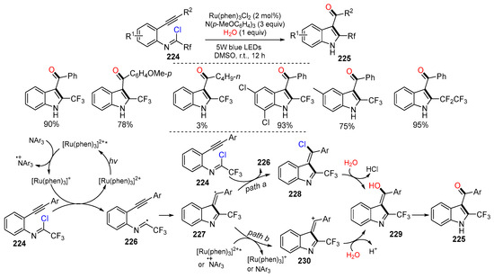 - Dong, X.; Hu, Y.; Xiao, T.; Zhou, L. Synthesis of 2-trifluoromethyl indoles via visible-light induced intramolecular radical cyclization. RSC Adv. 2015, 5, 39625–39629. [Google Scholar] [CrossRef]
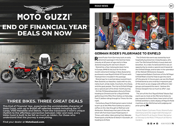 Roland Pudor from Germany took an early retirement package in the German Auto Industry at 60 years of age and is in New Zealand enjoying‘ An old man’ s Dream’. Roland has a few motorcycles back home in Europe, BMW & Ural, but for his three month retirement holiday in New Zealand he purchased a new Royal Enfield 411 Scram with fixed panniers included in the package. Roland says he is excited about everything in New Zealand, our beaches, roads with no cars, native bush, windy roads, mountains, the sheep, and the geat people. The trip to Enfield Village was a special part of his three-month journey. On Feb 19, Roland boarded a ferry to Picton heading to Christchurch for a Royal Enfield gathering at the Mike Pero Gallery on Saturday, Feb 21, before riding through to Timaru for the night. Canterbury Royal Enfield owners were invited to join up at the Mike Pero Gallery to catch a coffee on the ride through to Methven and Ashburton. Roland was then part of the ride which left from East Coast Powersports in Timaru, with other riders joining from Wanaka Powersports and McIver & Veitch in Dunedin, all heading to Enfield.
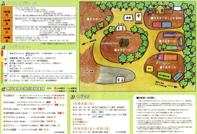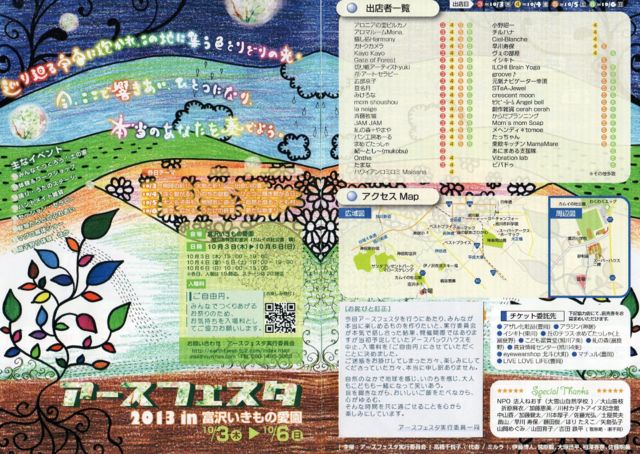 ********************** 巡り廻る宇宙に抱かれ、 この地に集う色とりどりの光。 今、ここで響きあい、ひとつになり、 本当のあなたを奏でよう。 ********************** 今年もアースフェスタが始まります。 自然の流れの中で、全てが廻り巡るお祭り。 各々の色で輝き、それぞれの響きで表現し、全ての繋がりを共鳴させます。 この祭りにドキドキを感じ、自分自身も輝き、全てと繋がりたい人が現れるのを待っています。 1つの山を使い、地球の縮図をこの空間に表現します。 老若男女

==

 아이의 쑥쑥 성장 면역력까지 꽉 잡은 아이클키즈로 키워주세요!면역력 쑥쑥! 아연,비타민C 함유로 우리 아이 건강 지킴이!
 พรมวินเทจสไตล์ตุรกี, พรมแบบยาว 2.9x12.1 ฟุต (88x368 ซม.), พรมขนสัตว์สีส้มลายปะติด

_Task to carry out_
Your answer should consist solely of the lines above from the line with "아이의 쑥쑥 성장 면역력까지" to the line with "พรมวินเทจสไตล์ตุรกี, พรมแบบยาว 2.9x12.1", both included, reproduced exactly.

_Completed task_
 아이의 쑥쑥 성장 면역력까지 꽉 잡은 아이클키즈로 키워주세요!면역력 쑥쑥! 아연,비타민C 함유로 우리 아이 건강 지킴이!
 พรมวินเทจสไตล์ตุรกี, พรมแบบยาว 2.9x12.1 ฟุต (88x368 ซม.), พรมขนสัตว์สีส้มลายปะติด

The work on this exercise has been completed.